Pojawiło się trochę baby hair, najwięcej po lewej stronie głowy, trochę mniej po prawej stronie (tu skroń jest prawie całkiem łysa - został tylko lekki puszek) i minimum na środku głowy. Na pewno nie jest to zasługa używanych od miesiąca kosmetyków, bo włoski mają już ze 2-3cm długości i musiały wyrosnąć wcześniej. Być może to efekt używania Placenty (zużyłam prawie całe opakowanie, a później przerwałam na rzecz preparatów zaleconych przez dermatolog) oraz Jantara przez parę miesięcy wcześniej. To dobry znak - włosy odrastają, mieszki nie obumarły.

Jeżeli chodzi o samą linię Pharmaceris z serii H - kosmetyki są całkiem wydajne. Pół łyżeczki szamponu wystarcza na umycie całej głowy (mam włosy minimalnie za łopatki), odżywki mam jeszcze ok. pół opakowania, nakładam ją wyłącznie na skalp. Po tych kosmetykach włosy są ładnie uniesione u nasady, nie przetłuszczają się. Niestety dostałam suchego łupieżu, dlatego chwilowo odstawiłam szampon Pharmaceris na rzecz Dercos Vichy - szamponu wzmacniającego, który mi kiedyś bardzo pomógł. Odżywki używam cały czas, łupież ustępuje, więc to może kwestia tego, że szampon Pharmaceris trzeba trzymać na głowie ok. 2-3 minuty a zawiera SLS i może wysuszać skalp.

Alpicort stosuję 3 razy w tygodniu, czyli nieco częściej, niż zaleciła dermatolog. Po 2 miesiącach ograniczę do 1-2 razy tygodniowo.

Parę zdjęć poglądowych (dermatolog zaleciła je wykonywać regularnie, żeby obiektywnie ocenić skuteczność terapii przeciw wypadaniu):

1) 02.08.2016 - przed kuracją zaleconą przez dermatologa - po intensywnym czesaniu po myciu

2) 08.08.2016 - na początku kuracji (bezpośrednio przed stosowałam jeszcze kilka razy Vichy Dercos wzmacniający)

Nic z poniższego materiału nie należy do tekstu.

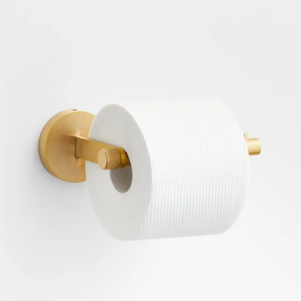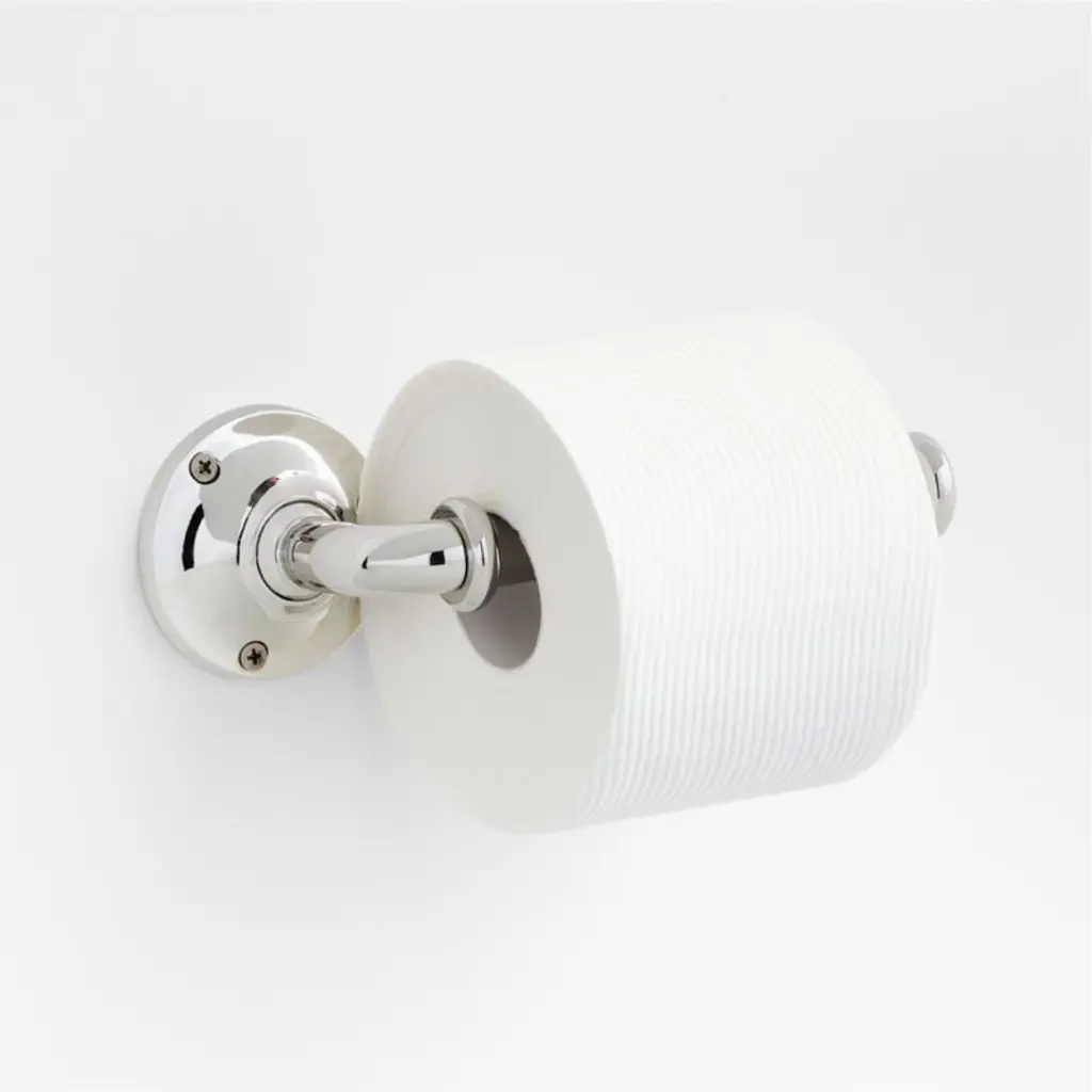 Sometimes it's the small things that pull a room together. That's why we've designed a hardware collection with modern silhouettes, clean lines and a touch of tradition to give your bathroom that perfect finishing touch. Made of brass and finished in polished chrome, this toilet paper holder lends industrial chic to its minimalist design. Extending from a flat bar anchored to a circular mount, the round bar is capped with a fluted end for a bit of texture. Open ended to facilitate paper roll changes, the wall-mounted holder installs easily with included hardware.

3) 30.08.2016 - po prawie miesiącu
 Wszystkie zdjęcia są wyłącznie po czesaniu po myciu (bez włosów, które wypadły przy myciu, po ponownym rozczesaniu po masażu itp.). Jak widać szału nie ma, włosów nadal wypada dość sporo. Po pierwszym rozczesaniu, jeśli delikatnie wcieram Alpicort, wypada jeszcze ok. 30 włosów. Trochę tak, jakby były osłabione i przy króciutkim (ok. 1 min.) masażu wypadały. Nie wiem, jak to będzie dalej. Na razie bez zachwytów, trzymajcie kciuki, by było lepiej.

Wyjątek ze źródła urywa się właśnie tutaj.